STATISTICS is the main facade class that coordinates all statistical operations. This provides a single entry point and simplifies the API.

Design by Contract

Every feature includes formal contracts:

Preconditions (require): What callers must guarantee (non-empty arrays, matching lengths, etc.)
Postconditions (ensure): What the implementation guarantees (range constraints, ordering, etc.)
Invariants: Properties that hold throughout object lifetime

Immutable Results

TEST_RESULT and REGRESSION_RESULT are immutable. Once created, their values cannot change. This ensures thread safety and simplifies reasoning about code.

Numerical Stability

All algorithms use numerically stable variants:

Welford's algorithm: For mean and variance - one-pass, no accumulation errors
Kahan summation: For sum - compensated addition to reduce floating-point error
Linear interpolation: For percentiles - stable computation

Class Structure

STATISTICS (Facade)

Main entry point. Stateless - provides all statistical operations.

Methods:
- Descriptive Statistics: mean, median, variance, std_dev, etc.
- Bivariate Analysis: covariance, correlation
- Regression: linear_regression
- Hypothesis Testing: t_test_*, chi_square_test, anova

TEST_RESULT (Data)

Immutable result object from hypothesis tests. Contains test statistic, p-value, and degrees of freedom.

REGRESSION_RESULT (Data)

Immutable regression output. Contains slope, intercept, R², and prediction capability.

ASSUMPTION_CHECK (Data)

Documents validation of statistical test assumptions (normality, homogeneity of variance, etc.).

CLEANED_STATISTICS (Utility)

Data cleaning utility class. Removes NaN and infinite values from arrays.

Key Algorithms

Mean Computation

Welford's Online Mean

Computes the mean in a single pass while maintaining numerical stability:

mean = 0
for each x in data:
    n = n + 1
    mean = mean + (x - mean) / n

Variance Computation

Welford's Two-Pass Variance

First pass: compute mean.
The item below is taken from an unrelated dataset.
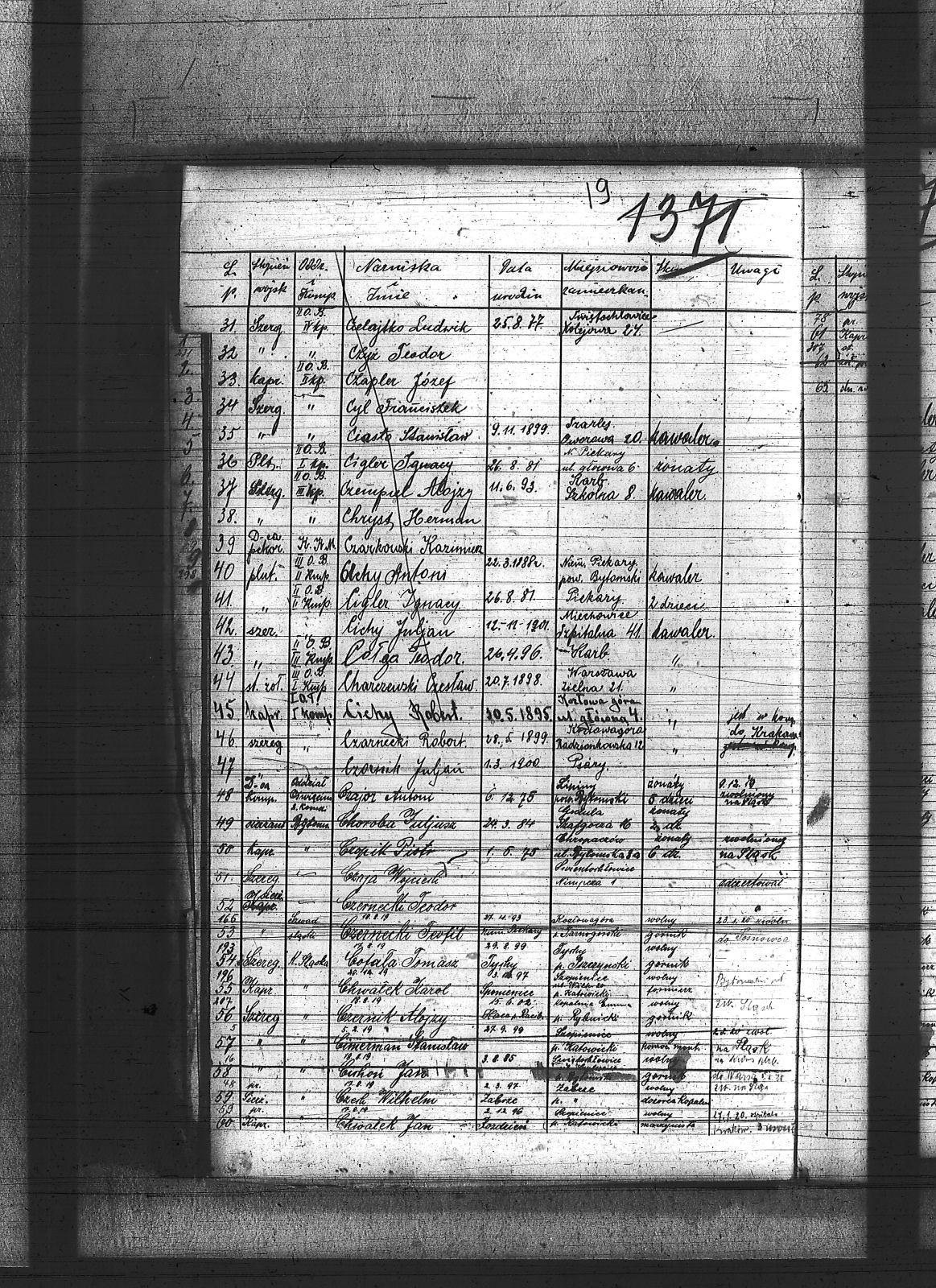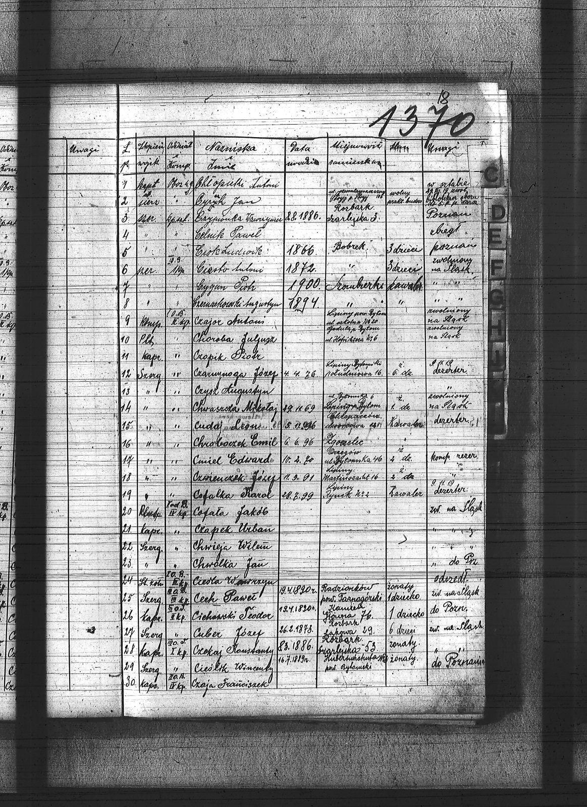 Cech, Paweł; Celnik, Paweł; Chłopicki, Antoni; Choroba, Juliusz; Chroboczek, Emil; Chwałka, Jan; Chwaszcza, Mikołaj; Chwieja, Wilhelm; Ciasto, Antoni; Ciechowski, Teodor; Cieśla, Wawrzyn; Cieślik, Wincenty; Ciok, Ludwik; Cmiel, Edward; Cofalka, Karol; Cofała, Jakub; Cuber, Józef; Cuber, Teodor; Cudaj, Leon; Cygan, Piotr; Czaja, Franciszek; Czajor, Antoni; Czajor, Piotr; Czapek, Urban; Czarnynoga, Józef; Czekaj, Konstanty; Czernochowski, Augustyn; Czopik, Piotr; Czwienczek, Józef; Czypionka, Wawrzyniec; Czysz, Augustyn; Czyżyk, Jan; |

Second pass: compute sum of squared deviations.

sum_sq_dev = 0
for each x in data:
    sum_sq_dev += (x - mean)^2
variance = sum_sq_dev / n

Sum Computation

Kahan Summation

Compensated summation that tracks and corrects for floating-point rounding errors:

sum = 0, compensation = 0
for each x in data:
    temp = x - compensation
    sum = sum + temp
    compensation = (sum - x) - temp

Percentile Computation

NIST R-7 Linear Interpolation

After sorting: h = (p/100) * (n-1), then interpolate between floor(h) and ceil(h).

Correlation

Pearson Correlation

r = cov(x,y) / (std(x) * std(y)), bounded to [-1, 1].

Linear Regression

Ordinary Least Squares

Uses normal equations: slope = cov(x,y) / var(x), intercept = mean(y) - slope * mean(x).

Hypothesis Tests

t-test: Computes t-statistic = (mean - mu) / (std_err). Dof = n-1 or Welch-Satterthwaite for two-sample.

ANOVA: Computes F-statistic = MS_between / MS_within. Dof = groups - 1.

Chi-square: Computes chi² = sum((O - E)² / E).

Dependencies

External Libraries

simple_math: For sqrt function (one method call)

ISE Eiffel Base Library

ARRAY for data storage
REAL_64 for numeric operations
HASH_TABLE for frequency counting in mode()
ARRAYED_LIST for data cleaning

No external numerical libraries or scientific frameworks - everything is implemented from first principles.

Future Enhancements

Phase 2: Distribution CDFs

Implement proper p-value computation for hypothesis tests:

t-distribution CDF for t-tests
Chi-square distribution CDF
F-distribution CDF for ANOVA

Phase 3: Advanced Statistics

Multiple regression
Logistic regression
Non-parametric tests (Mann-Whitney U, Kruskal-Wallis, etc.)
Confidence intervals

Phase 4: Matrix Operations

Matrix algebra for multivariate analysis
Principal component analysis (PCA)
Factor analysis